Изменить стиль страницы

Самовит ввалился в горницу и сел, устало привалясь к стене и чуть прикрыв глаза.

— Всё ли сделал как надо? — Волчий Хвост стоял спиной к варягу у небольшого стола и внимательно его рассматривал, невесть что собираясь на нём увидеть. На столе лежал большой кусок кровяной колбасы, взрезанный по краю коровай, печёная репа, первый весенний лук и кувшин с квасом.

— Всё, — кивнул старшой, не открывая глаз. — Порядок. Да ты и сам видел, воевода. Эти трое, они всяко слышали, как мы про Свенельда говорили. Так что тот драпать будет взаболь, а после спрячется. В городе спрячется, не иначе.

— Угу, — задумчиво сказал Военег Горяич, садясь за стол, и кивнул варягу. — Садись, ешь. Когда ещё придётся…

Несколько мгновений воевода и его старшой уминали еду за обе щеки, потом, когда первый голод сгинул, Волчий Хвост спросил:

— Прапор спустили?

— Да, — сглотнув кусок колбасы, ответил Самовит. Отпил глоток кваса. — Какой из утра подымать?

— Чёрный, — коротко ответил воевода. Упало молчание. Оба прекрасно поняли друг друга, и у обоих вмиг пропало желание о чём-нито говорить и вовсе смотреть друг другу в глаза.
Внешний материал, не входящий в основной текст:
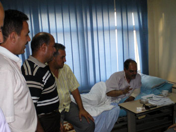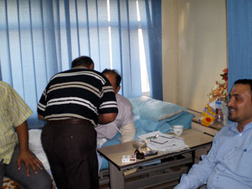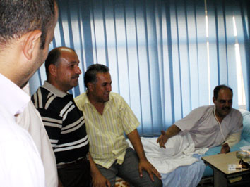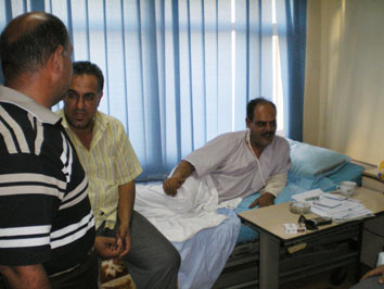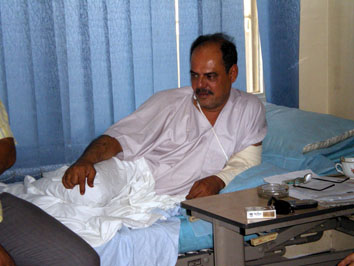 مؤيد اللامي نقيب الصحفيين العراقيين في مستشفى الشيخ زايد بعد ان تعرض الى

Тот кметь, что сбежал, прячется ныне где-нито в посаде. И скоро, уже завтра к полудню весь Ирпень будет знать про мятеж Волчьего Хвоста. И уж после донельзя дерзкого и вероломного захвата крепости поверят в это все. Тем паче, что увенчалось это немалой кровью.

— Сколь убитых? — не подымая глаз, спросил воевода и отодвинул опустелую чашку.

— У нас — двое, — глухо ответил Самовит. — У них… десятка два, не меньше…

Помолчали. А про что говорить.

— Наши… что?

— Молчат, — обронил Самовит всё так же глухо. — Верят они тебе, воевода…

— На том и держусь, — вздохнул Военег Горяич. — Этого… Жара — нашли?

— Нашли… двоих следить за его домом поставил.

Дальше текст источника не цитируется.